Top of Exercise materials
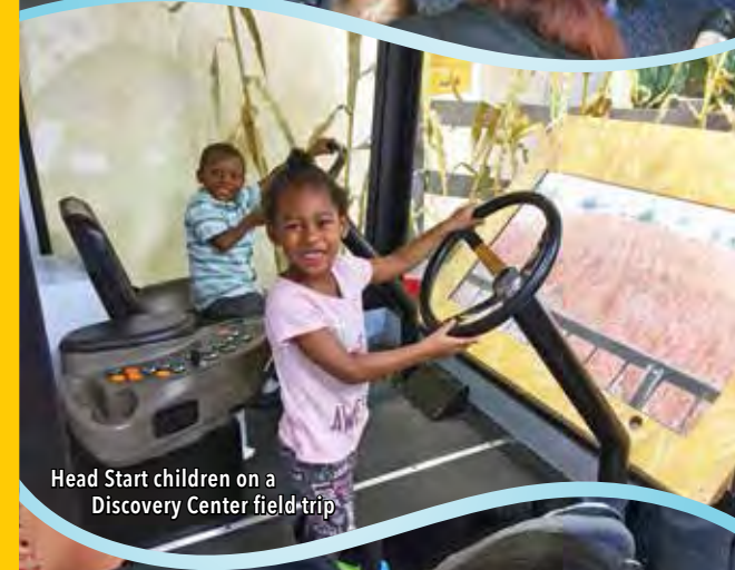
Head Start children on a Discovery Center field trip
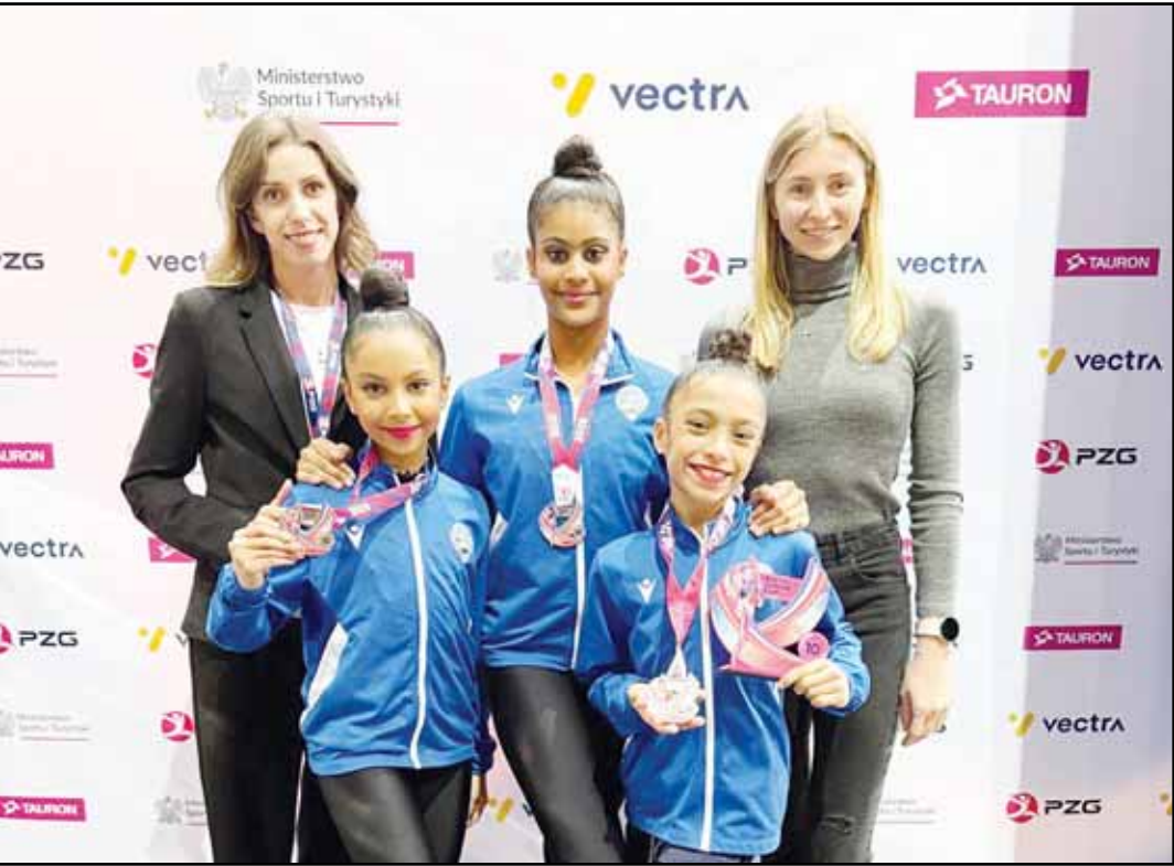
Gymnastics champions celebrate their victories with coaches.

The Federation emphasized the significance of competing in a tournament that featured top-tier athletes from across the globe, including countries such as Belgium, France, Germany, Italy, Japan, Spain, and the host nation, Poland. Other participating countries included the Czech Republic, Finland, Greece, Lithuania, Luxem-
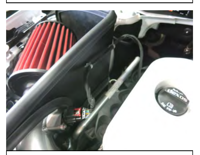
I. Connect the MAF connector to the MAF sensor and secure the harness with the factory ties into the holes on the heatshield. The ties may need to be repositioned for best fit.
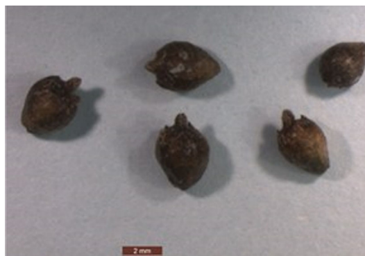
Figure 3: Seeds of Ambrosia psilostachya .

Ambrosia psilostachya is documented as agricultural weed only from southern France (Fried et al., 2015; Karrer et al., 2023) but was never reported as crop seed contamination. The seeds are of the same size like in A. artemisiifolia but the spines are less distinct or even missing in several cases (Figure 3).
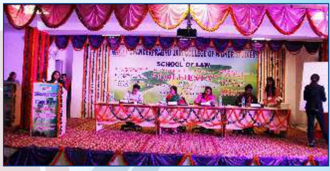
National Seminar in Progress
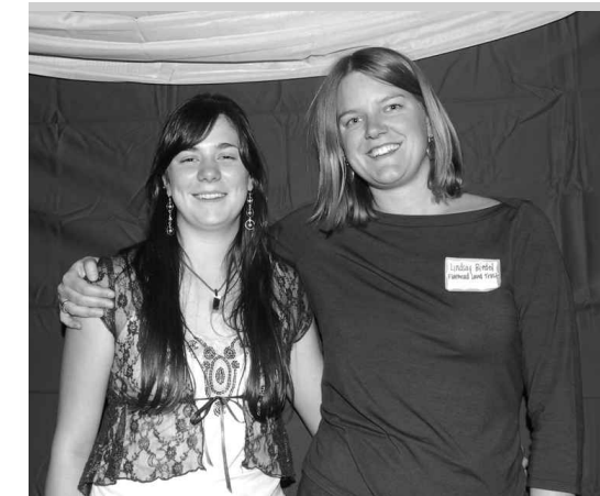
the FVCC Scholarship Awards Reception
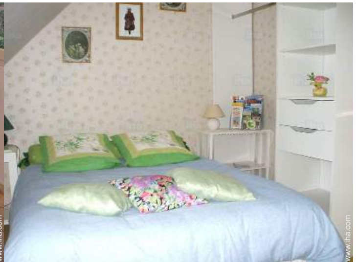
The guest room
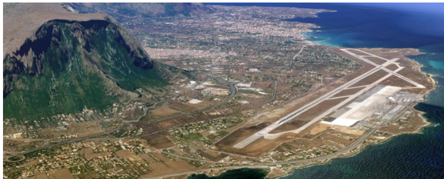
Picture showing Palermo runways and the unique geographic scenario. Nearby Monte Pecoraro.

The proven Vaisala weather radar IRIS software suite was included in the delivery to present the weather scenario detected by wind lidar and X-band Radar subsets graphically and to provide accurate related wind shear alarms. Eurelettronica ICAS and Vaisala delivered the tailor-made solution to Palermo Punta Raisi Airport during the summer of 2017. It is expected that there might be a need for similar integrated solutions in several bigger airports with severe wind challenges.
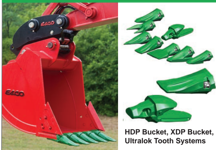
HDP Bucket, XDP Bucket, Ultralok Tooth Systems
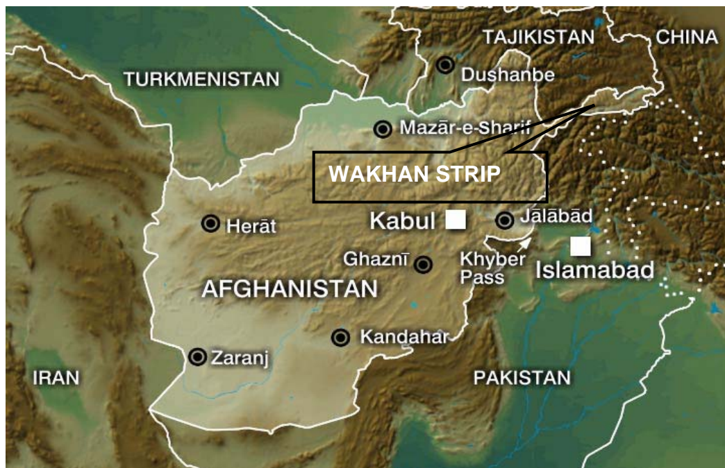
Figure 4. Northern and Western borders of Afghanistan and Wakhan Corridor. 44

The Forward policy meant control of natural frontiers. This policy was aimed at the physical occupation and direct administration of the area. It was formulated against the backdrop of Russian advancement, which challenged British supremacy in south Asia and demanded recognition of the need to defend India. Different viewpoints were expressed about how far west and north the British should go: the river Oxus line, the Hindukush line or the Kabul-Ghazni-Kandhar line. It was the last which the British decided to occupy in case of Russian moves towards India. 43
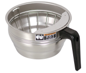
FUNNEL ASSY, SST-BLK HDL(7.12)
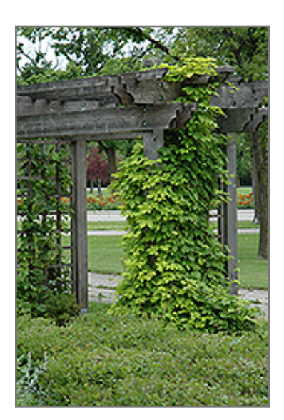
Nugget Ornamental Golden Hops
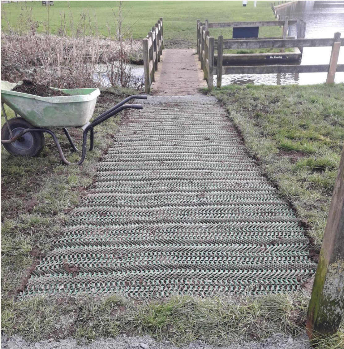
Accessible mooring matting replaced at Coltishall
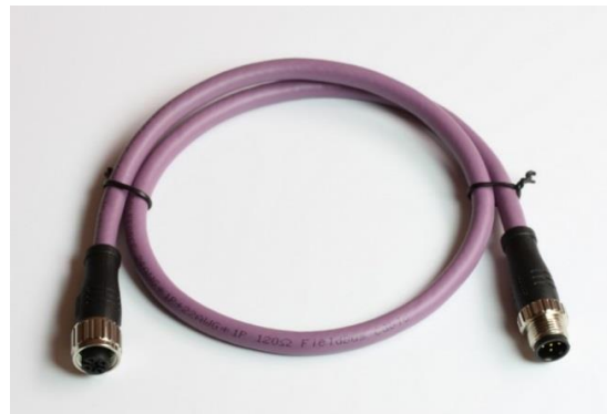
XEN-84005: Cable 0.5 m male M12 - female M12 connectors Other cables similar, but longer.
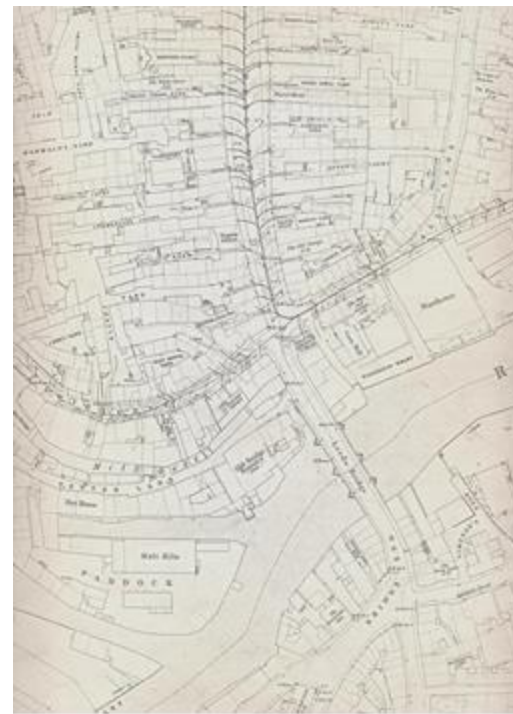
5ft to 1 mile map showing wider area around Leeds Bridge, including Briggate.
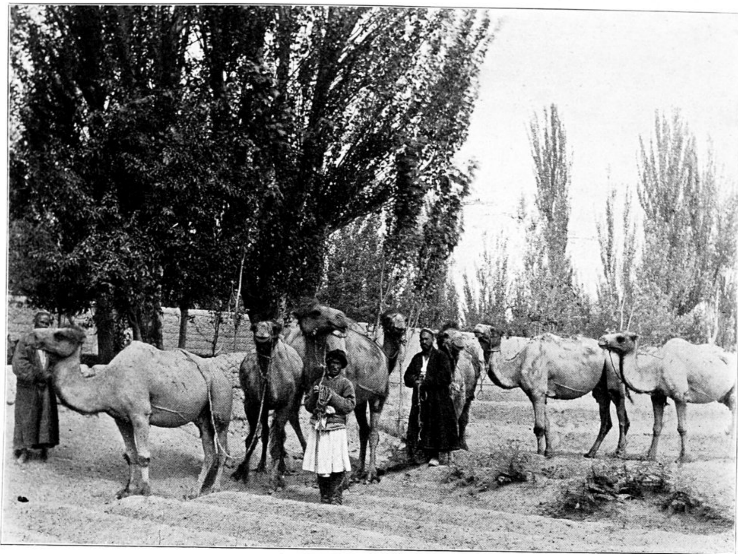
305. FAREWELL TO MY BRAVE CAMELS FROM KERIYA.
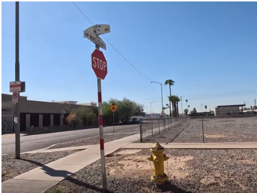
Madison Street and 8th Avenue, January 2023, November 2023.
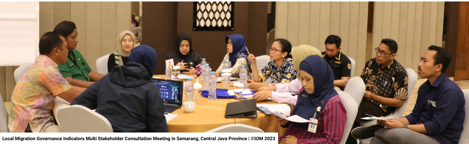
Local Migration Governance Indicators Multi Stakeholder Consultation Meeting in Semarang, Central Java Province
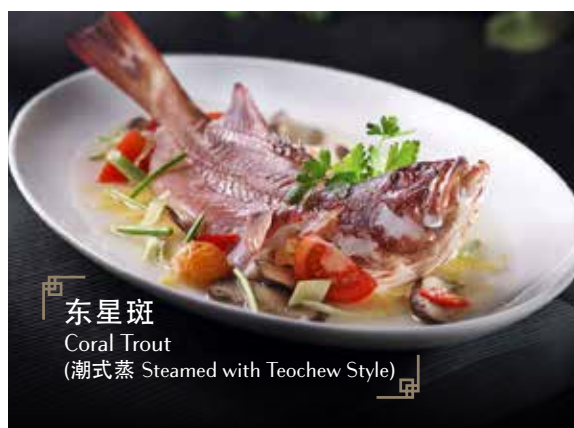
东星斑 Coral Trout (潮式蒸 Steamed with Teochew Style)
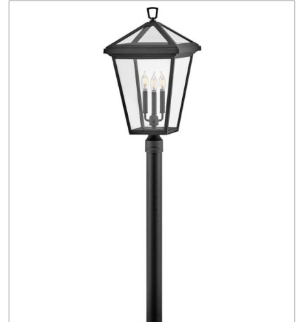
2563MB LARGE POST TOP OR PIER MOUN... 14" W, 26" H Socketed 3-5w Cand. LED, 60w Equiv.
Bottom of Exercise materials
## Work task
Say the number of lines in the material above that contain the word "area", and nothing else.

## Answer space
2